* _Source data_
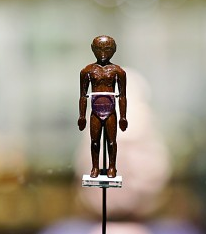 玻璃罩内,一尊高不过掌的裸身木头小人静静站立。它通体髹黑漆,身上刻有纵横交错的经络线,并刻以圆点标示穴位。
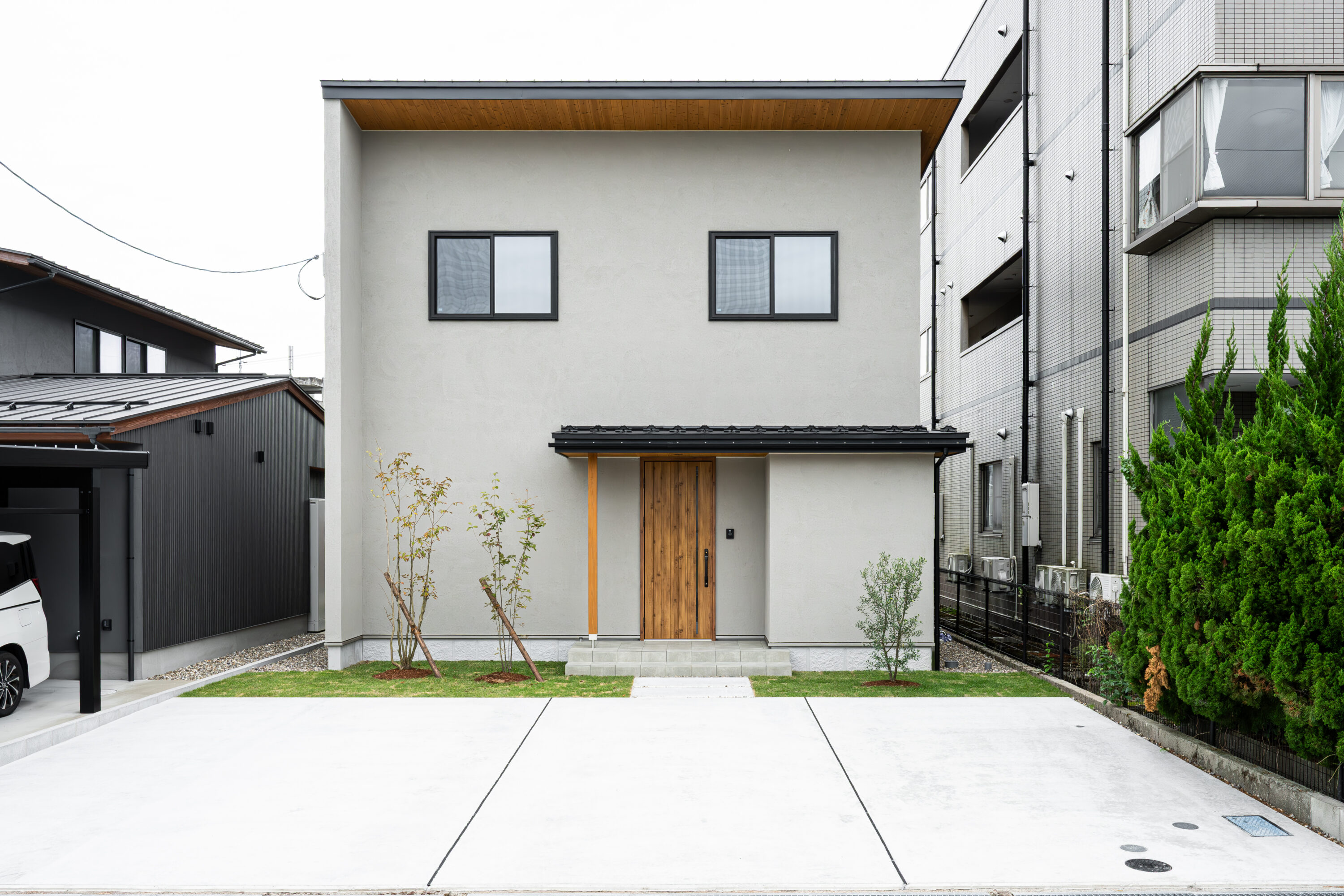 塗り壁と植栽グリーン
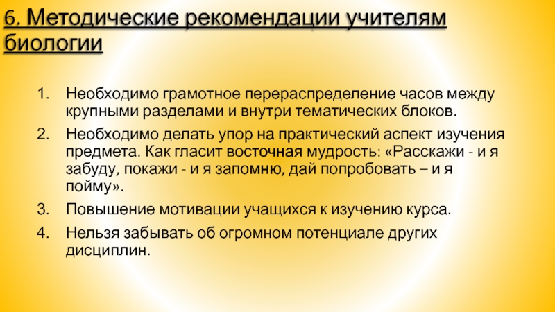 Необходимо делать упор на практический аспект изучения предмета. Как гласит восточная мудрость: «Расскажи - и я забуду, покажи - и я запомню, дай попробовать – и я пойму».
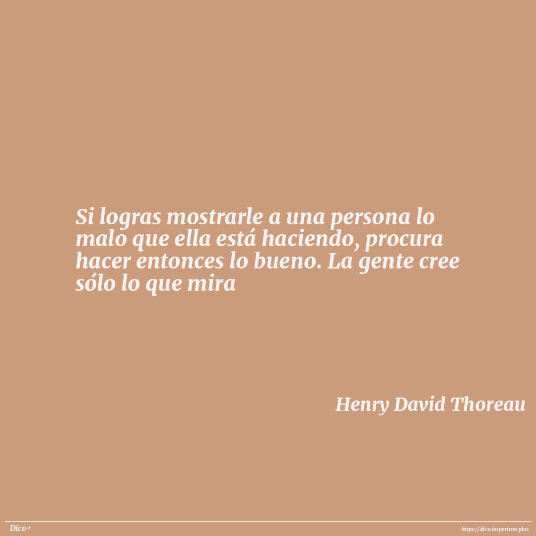 Si logras mostrarle a una persona lo malo que ella está haciendo, procura hacer entonces lo bueno. La gente cree sólo lo que mira
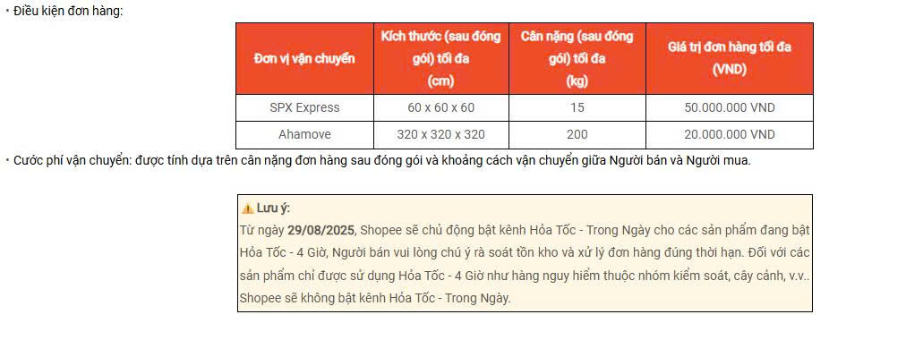 Đặc biệt, trong giai đoạn khởi động (29/08 – 12/10/2025), Shopee sẽ không tính Tỷ lệ giao hàng trễ cho các đơn Hỏa Tốc Trong Ngày nếu Người bán chưa kịp nhấn “Chuẩn bị hàng” đúng hạn.
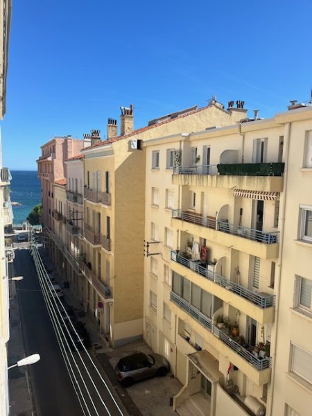 TOULON, Le Mourillon, emplacement exceptionnel à 50m des plages pour ce vaste T2 traversant de 50m2 composé d'un séjour avec cuisine ouverte, 1 grande chambre, salle d'eau et WC séparés. Une cave en sous sol vient compléter de bien rare et idéalement situé.
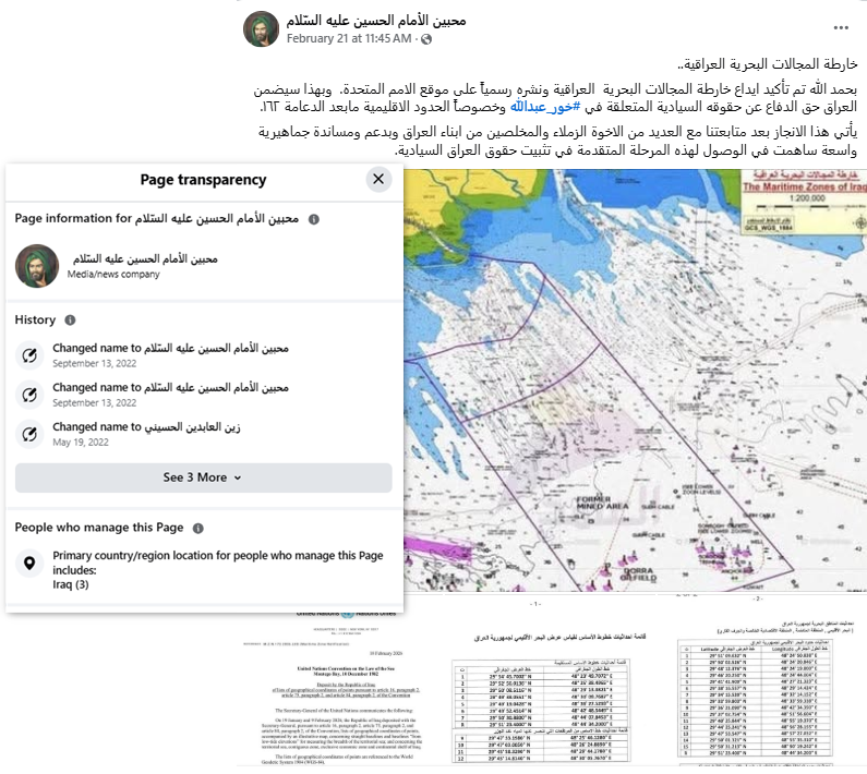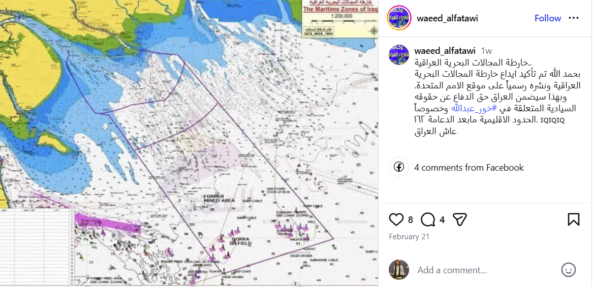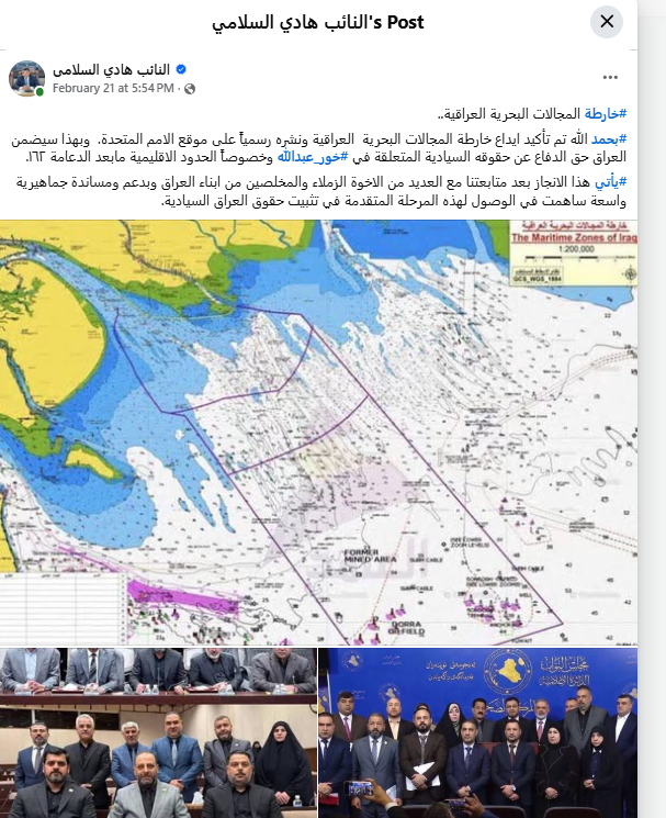 خريطة المجال البحري العراقي المقدَّمة إلى الأمم المتحدة، وتتضمن جزءاً من خليج خور عبد الله، مع صياغة منشورات متطابقة مع ما نشره النائب حيدر السلامي.
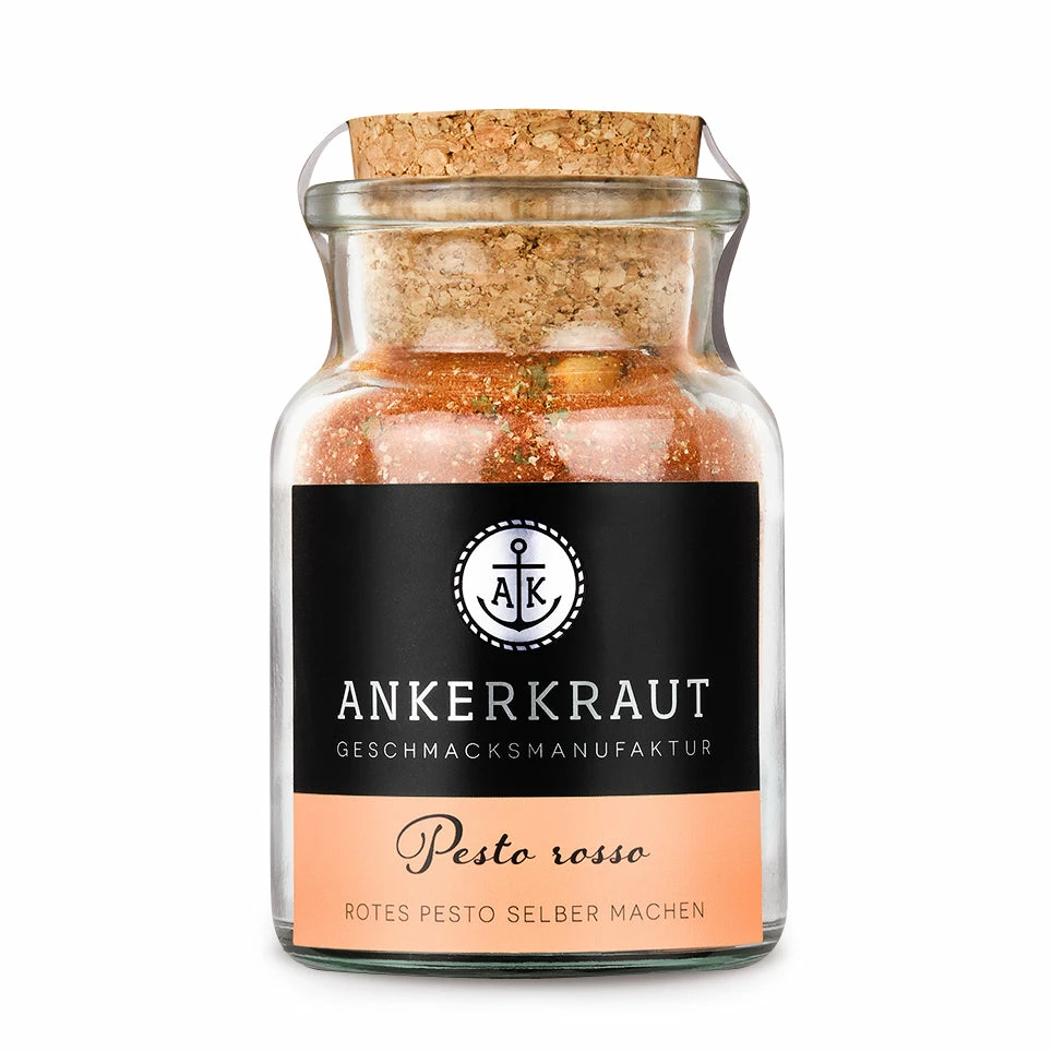 Nudeln mit Pesto gehen immer. Mit unserer super duper leckeren Pesto Rosso Mischung kannst du dir dein rotes Pesto ganz schnell selbst anrühren. Wir haben viele Kombinationen probiert und getestet – und den Mix aus Tomatenpulver, Pinienkernen, Zwiebeln, Knoblauch, Meersalz, Paprika edelsüß, Paprika geräuchert und Majoran für top befunden. Pro Portion einfach 2 EL Pesto-Gewürz mit 4 EL Wasser und 2 EL Öl anmischen und zur Pasta geben. Parmesan oben drauf und genießen!
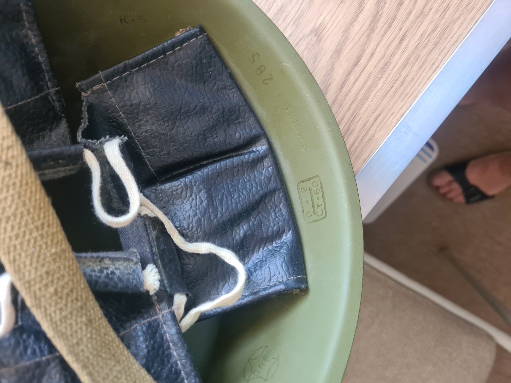 Helm 2 is een zg. M56/76 helm van het Oost-Duitse leger, de NVA. Deze werd vervaardigd bij Eisenhüttenwerk Thale in de voormalige DDR. Staat er geen code aan de binnenzijde van de helmschaal ingeslagen?
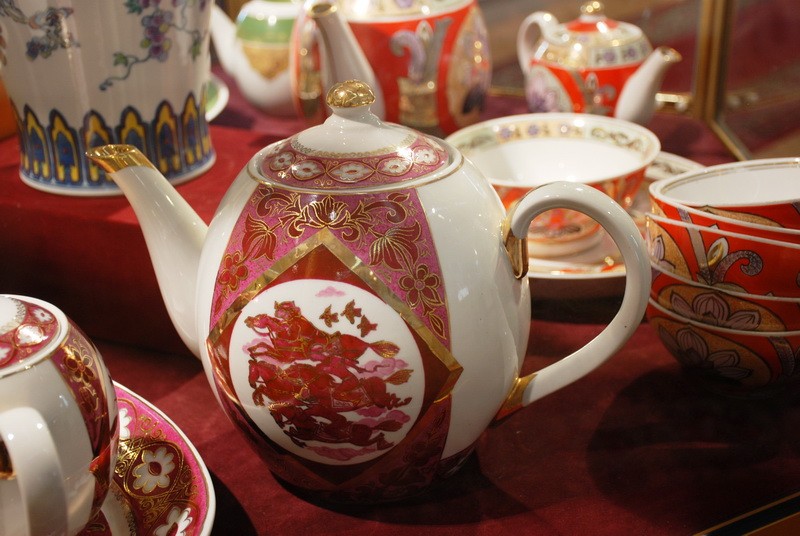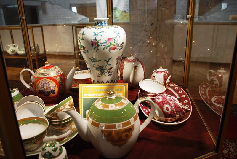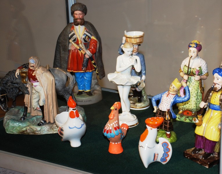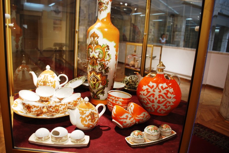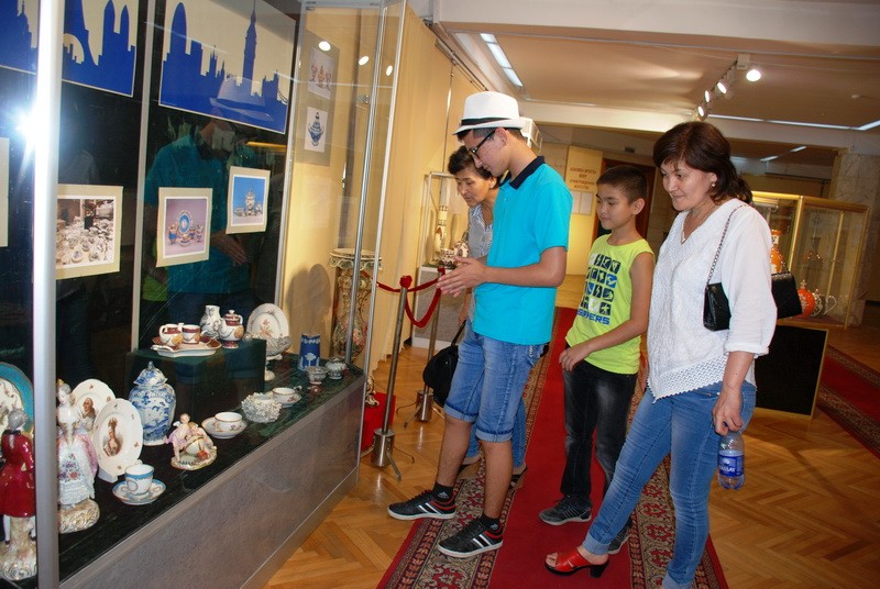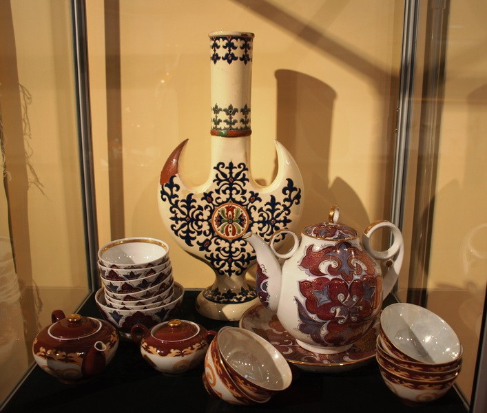 На выставке можно увидеть не только старинные изделия, но и современные. К примеру, чайный сервиз Капшагайского фарфорового завода или изящные кукольные фигурки.

* _YOUR OBJECTIVE_
Although the records above contain pictures, the copy must not; set down exactly the lines from the one with "Đặc biệt, trong" up to and including the one with "TOULON, Le Mourillon, emplacement".

* _WRITTEN SOLUTION_
 Đặc biệt, trong giai đoạn khởi động (29/08 – 12/10/2025), Shopee sẽ không tính Tỷ lệ giao hàng trễ cho các đơn Hỏa Tốc Trong Ngày nếu Người bán chưa kịp nhấn “Chuẩn bị hàng” đúng hạn.
 TOULON, Le Mourillon, emplacement exceptionnel à 50m des plages pour ce vaste T2 traversant de 50m2 composé d'un séjour avec cuisine ouverte, 1 grande chambre, salle d'eau et WC séparés. Une cave en sous sol vient compléter de bien rare et idéalement situé.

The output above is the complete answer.